La seconde d'après, la main de Blaise s'abattit sur sa joue avec une telle violence qu'il aurait put en recracher sa mâchoire. Sa tête se renversa à gauche tandis que sa poitrine se soulevait furieusement. Puis ses épaules se secouèrent lentement tandis qu'il continuait de rire.
« Bizarre. Je pensais que si, éventuellement, l'un de vous viendrait me faire la peau, ce serait plutôt le petit blond. Il n'arrêtait pas de venir la voir à Ste Mangouste. »
Tom réunit tout ses efforts pour faire à nouveau face à Blaise. Il lui adressa un sourire provocateur. Ce fut comme si la claque venait de lui enlever d'un coup toute peur. Comme s'il réalisait qu'il n'avait absolument plus rien à perdre.
« Ça me rendait un peu jaloux d'ailleurs. J'ai du en faire pâtir votre jolie Boucle d'Or plus d'une fois à cause de ça. »
Blaise continuait de l'observer mais si sa figure ne laissait rien transparaître, ses poings, eux, étaient serrés comme prêts à administrer des coups.

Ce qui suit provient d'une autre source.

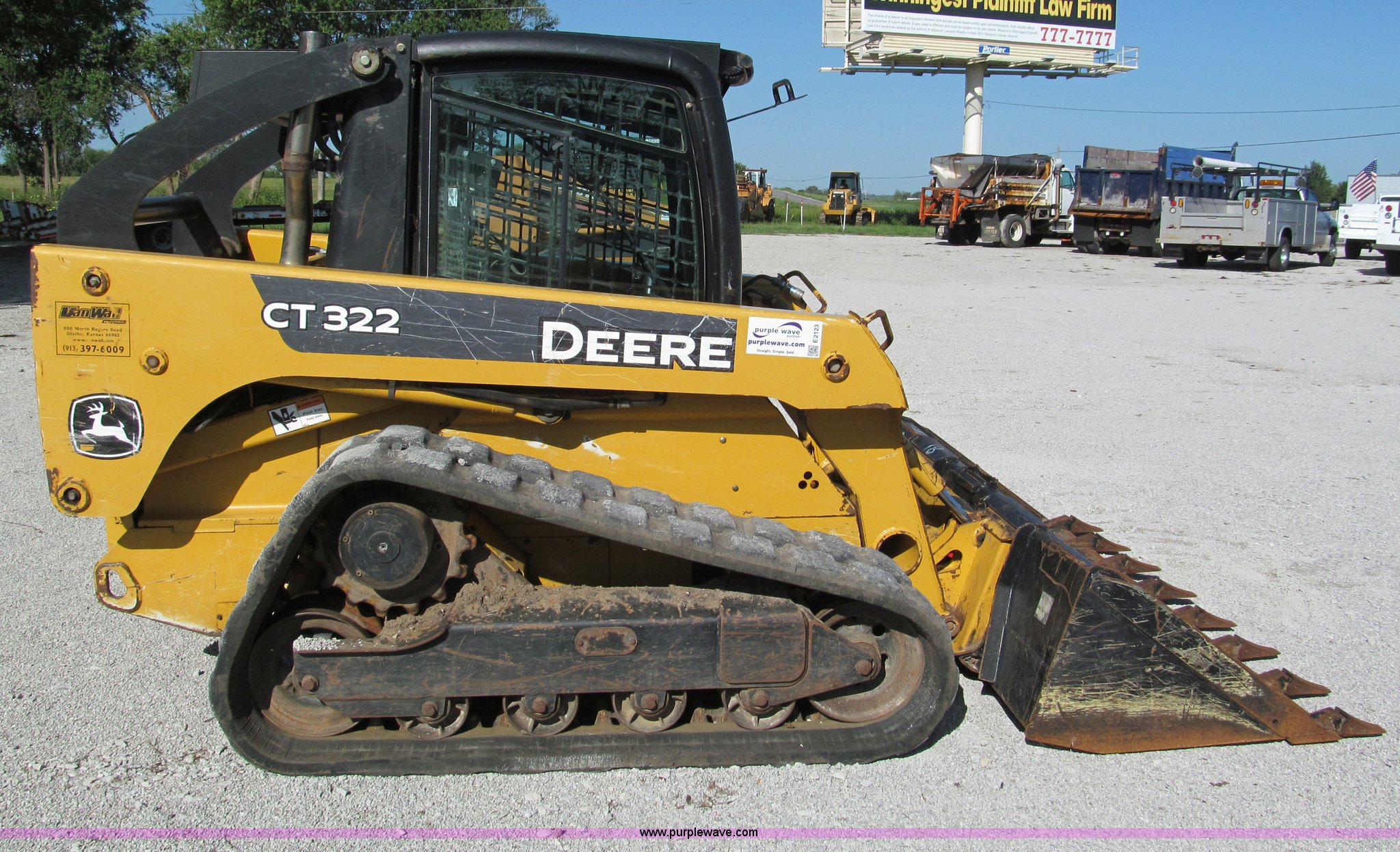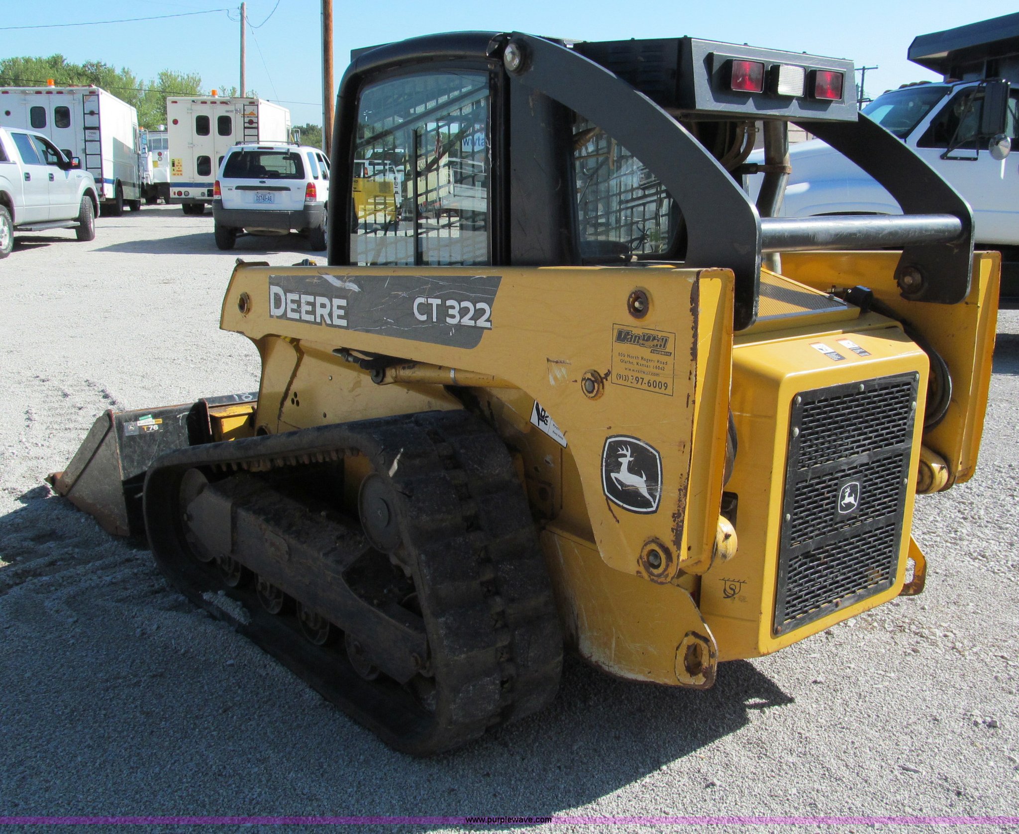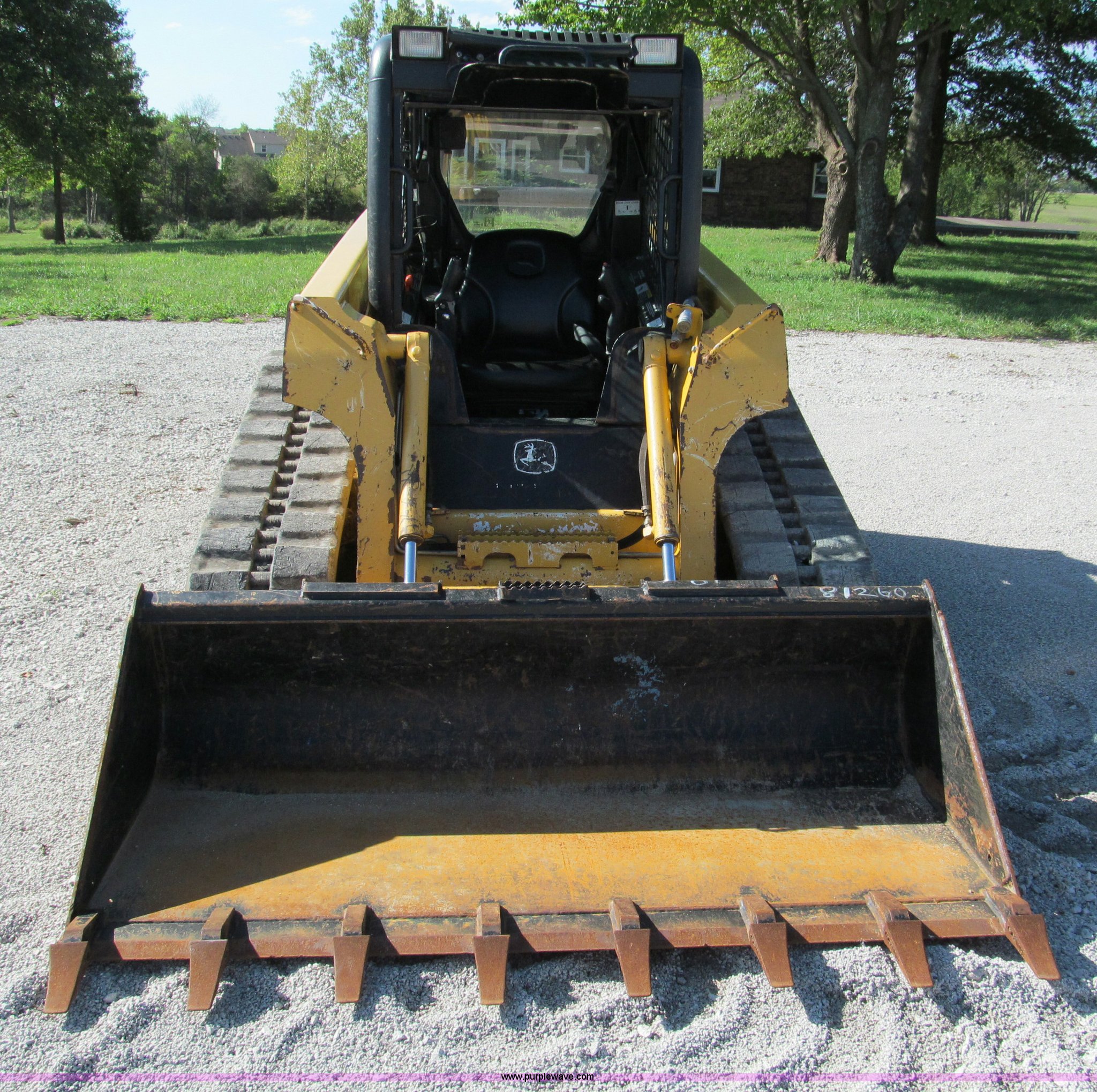 Purple Wave is selling a used Tracked Skid Steer Loader in Missouri. This item is a 2006 John Deere CT322 track skid steer with the following: 1,818 hours on meter, John Deere four cylinder turbo diesel engine, 66 HP, Enclosed cab, AC and heat, Foot controls, Hydraulic quick attach, Auxiliary hydraulics, 76" toothed bucket, 2,178 lbs operating load, 16"W tracks, 8,305 lbs. base operating weight, Serial T0322TB129114
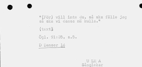 //// "(För) vill inte du, så ska fälle jag så ska vi dansa raä kulla." //// (text-i //// ögl. 91:35, s.5. D Danser__14 //// oU LM Å //// Sånglekar ////
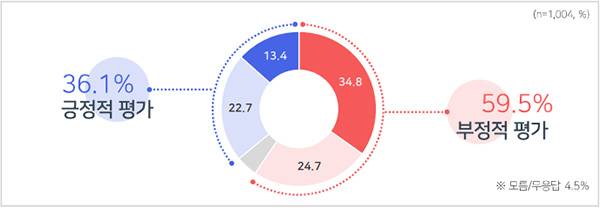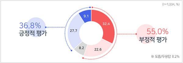 이는 지난 1월 여론조사 당시 긍정평가 37.5%와 비슷한 수준이며, 부정 평가는 4.7%p 높아졌습니다.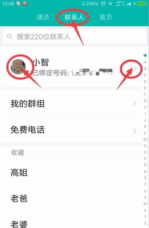 2、我们在联系人中可以通过两种方式点开编辑界面:点左边的已有头像。如果还没有头像的就点右边的>符号。
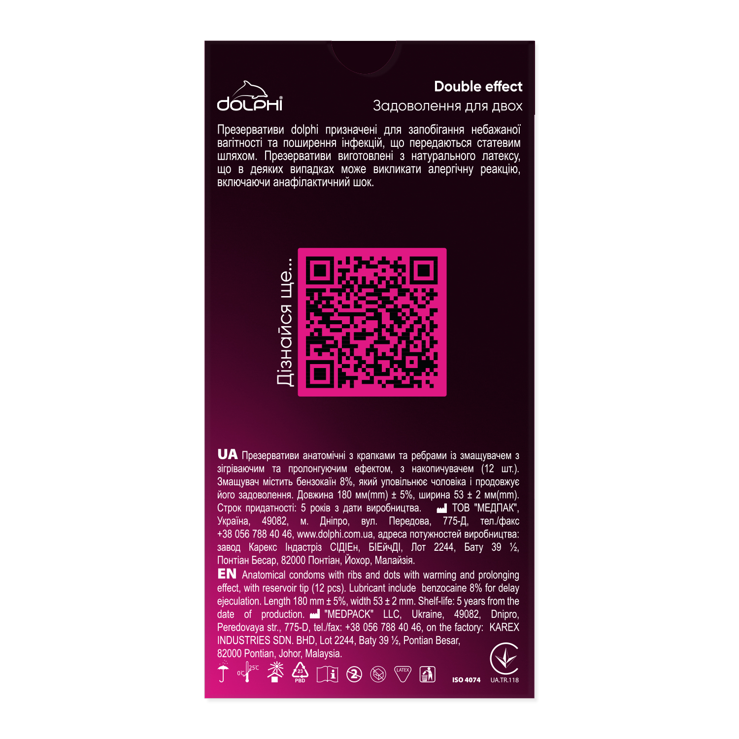 Презервативи Dolphi Double Effect створені для подвійного задоволення. Неймовірно, але це реально! Анестетик всередині Dolphi Double Effect здатний уповільнити еякуляцію та дозволить партнерам не турбуватися про ранній фінал, а розігріваючий гель на текстурованій поверхні презервативів здатний миттєво розігріти тіло жінки, що прискорить отримання феєричного оргазму.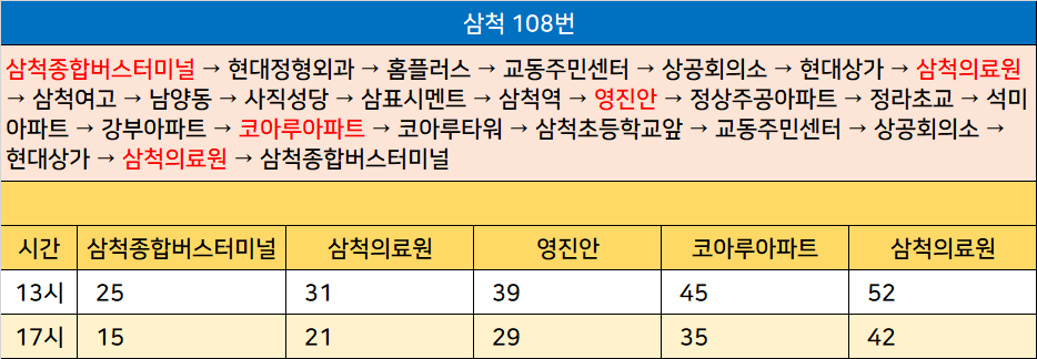 삼척 108번: 삼척종합버스터미널 → 현대정형외과 → 홈플러스 → 교동주민센터 → 상공회의소 → 현대상가 → 삼척의료원 → 삼척여고 → 남양동 → 사직성당 → 삼표시멘트 → 삼척역 → 영진안 → 정상주공아파트 → 정라초교 → 석미아파트 → 강부아파트 → 코아루아파트 → 코아루타워 → 삼척초등학교앞 → 교동주민센터 → 상공회의소 → 현대상가 → 삼척의료원 → 삼척종합버스터미널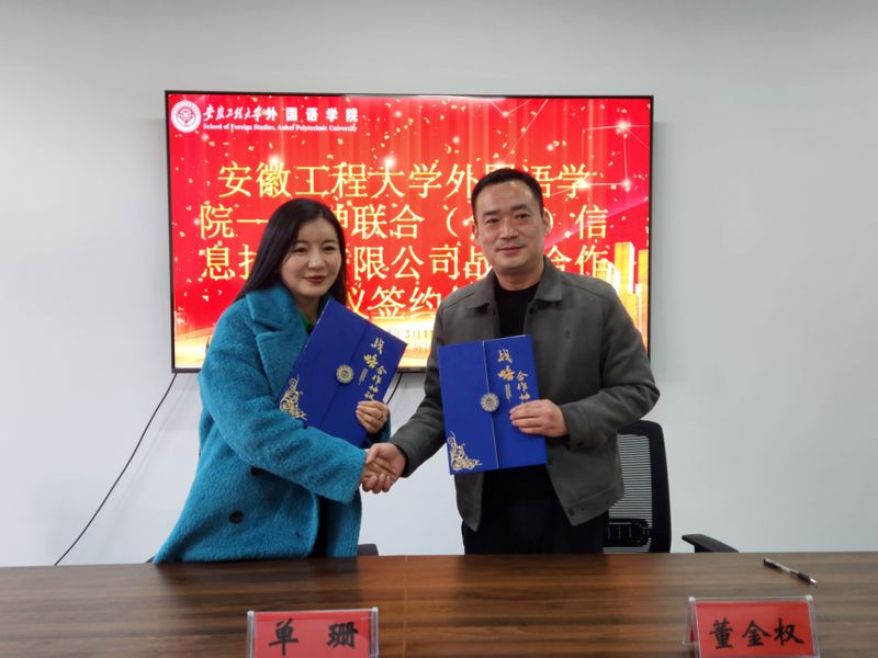 3月11日下午,应外国语学院邀请,传神(合肥)信息技术有限公司总经理单珊、合肥汉睿科技有限公司总经理凤凯一行四人来校洽谈合作。外国语学院党政负责人、系部主任、硕士点和团委负责人等参加了交流。会议由外国语学院副院长李新国主持。

« Mais elle restait toujours très, très obéissante. Ou du moins, la plupart du temps. Lorsque ça n'allait pas vraiment et que je sentais un petit air de rébellion...la corde. Et tout revenait par-fai-te-ment dans l'ordre. »
Blaise tourna lentement sa tête de côté.
« La corde ? » répéta-t-il d'une voix hachée. « Qu'est-ce que c'est que ça ? »
Le sourire de Tom s'élargit.
« Vous tenez vraiment à le savoir ? » murmura-t-il.
Ils s'affrontèrent à nouveau du regard et là, ce fut Blaise qui perdit car son masque de neutralité vacillait dangereusement.
« Moui. Ce serait sans doute un peu trop dur pour vous. » continua Tom tandis que Blaise commençait à faire les cent pas devant lui.
Blaise prenait bien soin d'inspirer puis d'expirer à chaque pas pour ne pas perdre le contrôle trop rapidement.
« Vous vouliez savoir pourquoi Hermione ? »
Blaise se massa l'arrête du nez en fermant les yeux...
« Pour la même raison que vous. »
...puis s'arrêta net et se tourna vers Tom, intrigué.
« Elle vous fascine cette fille, hein ? Avouez-le. »
Blaise continua ses cent pas.
« Elle ne sourit jamais. Elle ne parle presque jamais. Elle est insolente juste par sa façon de regarder. Mais putain ce qu'elle fascine. »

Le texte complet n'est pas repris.